The next steps that we have in preclinical development that we brought in this year that we're really excited about is TGF-beta for IPF. This deal was announced in June. We've already just finished off the dry powder inhalation formulation. We're about to put this into rat PK and PD. And that will tell us what the level going in the lung, levels going into plasma and how long half-life is. And then just as we believe all of our technology continues to show rapid lung levels with minimal systemic circulation. That's exactly where you want to see in this particular target because it has a known side effect profile and the systemic circulation that creates headaches for patients and really the [metered] dosing window. This agreement that we have with Thirona allows MannKind to exercise certain rights to seek a full license. We will know by then the cannabidiol Technosphere Phase I readout. So that will come up here in Q1. We'll be moving MNKD 201 in the tox studies roughly in Q2. And all this our estimated best guess today on what we know what we have coming. There's a lot of work to get done but -- and you ask why we are raising the money. It's because we looked out over 12 to 24 months, we could see the pipeline really starting to advance. And we can see the ability to scale at present now with all the safety data and efficacy data is published. We see opportunities to continue to grow this company more rapidly over the next couple of years than we have in the previous 5 years.
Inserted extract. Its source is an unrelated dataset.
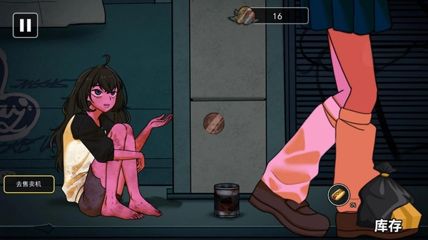 1、控制美少女去乞讨,收集硬币作为购买食物的货币,积累足够数量以满足需求。

This data is excluding any new opportunities that may arise because of external collaboration. We've started working on a few formulations. Those are ramping up, and they may turn into additional collaboration deals in 2022. So lots of excitement on the pipeline, I want to share with you. And as we look at 2021 milestones to ramp up the year, I can't believe it's already November. It's absolutely crazy how past year has gone by but you can see, we had a very, very successful year. Obviously, we want to get a win on Tyvaso DPI for an approval. Unfortunately, we got a CRL that's not in our control, but I would say the team has done an amazing job getting the manufacturing process ready, the scalability ready. The United Therapeutics team did an amazing job on the clinical data and getting this filed in record time. So this isn't due to anyone's lack of effort and a lot of dry powder innovative products do struggle the first round. In this particular case, we had a clean approval in front of us. It got hung up on the technicality that (inaudible). But we are happy overall with the progress we've made in the company. MannKind is stronger today than it's ever been in the last 5 years, and our future is brighter than it's ever been with double-digit growth this week as far as we could see.

Thank you to everyone. We'll stop there, and we'll take questions.

(Operator Instructions) Our first question comes from the line of Gregory Renza from RBC Capital Markets.

This is (inaudible) on for Greg. Congrats on the progress – can you hear me? Operator, can you hear me?

Yes, ma’am, I can hear you.

I do apologize to our analysts and our shareholders as we are obviously experiencing technical difficulties from the start of the meeting. We'll give them one more minute. If you guys have any questions, we can answer.

Excuse me, presenters, could you hear me?

For our analysts who are on hold, I apologize, we cannot hear you, but we will take your calls and obviously get you ready for an update after this earnings call today. I apologize for the technical difficulties. That's why we started late, and there's obviously a challenge here. (inaudible) fire alarms to where we are. But thank you to everyone. I apologize for that. I know we have a retail shareholder meeting tomorrow. I look forward to that. Please any retail shareholders listening today, e-mail Rose or IR, if you want to join that meeting. And any questions, please put those in advance as we're going to try to go through the topics and organize that in an effective way. And hopefully, we don't have any issues here. Thank you for your time.

Thank you again for participating. This concludes today's conference call. You may now disconnect.